Now he had to move fast. He ran toward the lobby, spun
through the doorway, and took aim at the old guard, who was in
the act of unsnapping his holster. He fired two rounds into the
man's head and upper body from a distance of about six feet. Then
he spun toward the receptionist's desk.

She had already vaulted her desk and was cowering and
screaming on the far side. That was okay, she was just a gnome. The
key was to take out the switchboard. Vishniak fired a spread of
some half-dozen bullets into her computer and her telephone
switchboard.

He turned back into the hallway, reached down with one hand,
and unsnapped the flaps on the tops of his cargo pockets.
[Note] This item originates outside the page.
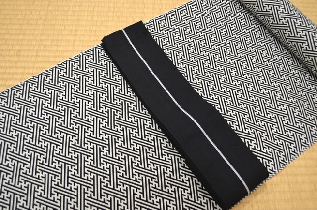 黒白地に、粋な紗綾型

He tucked the flaps down into the pockets, as he had practiced many times, so
that they would not get in the way when he reached down to pull
out more clips.

Then it hit him: though it was a bit early in the day to be getting
cocky, he was doing an incredibly good job so far. He had wiped out their pathetic security detail and blown their communications
to shreds. Now he'd be able to clean out the remainder of the
eleventh floor in a thorough and methodical way.

"Generally good results so far," Mr. Salvador said. "Of course, the
gun control advocates will never like this kind of thing."

"Yeah. But check out some of our gun owners," Green said.
"Look at Vishniak?"

"Who?"

"Economic Roadkill," Green said, tapping a screen that had
suddenly gone brilliant emerald. "He's one of my guys. And you can see how happy he is with the speech so far."

He had gone almost completely deaf from the blasts of the
Fleischacker and could barely hear the voice of William A.
Cozzano coming from his PIPER watch:
"...
would go out in the
fields with my father, each of us with a shotgun tucked under his
arm, and look for the pheasants that would go through the
harvested fields for loose corn. Our retriever Lover would
accompany us, often staying well back because he had learned that
the blasts of the shotgun hurt his ears."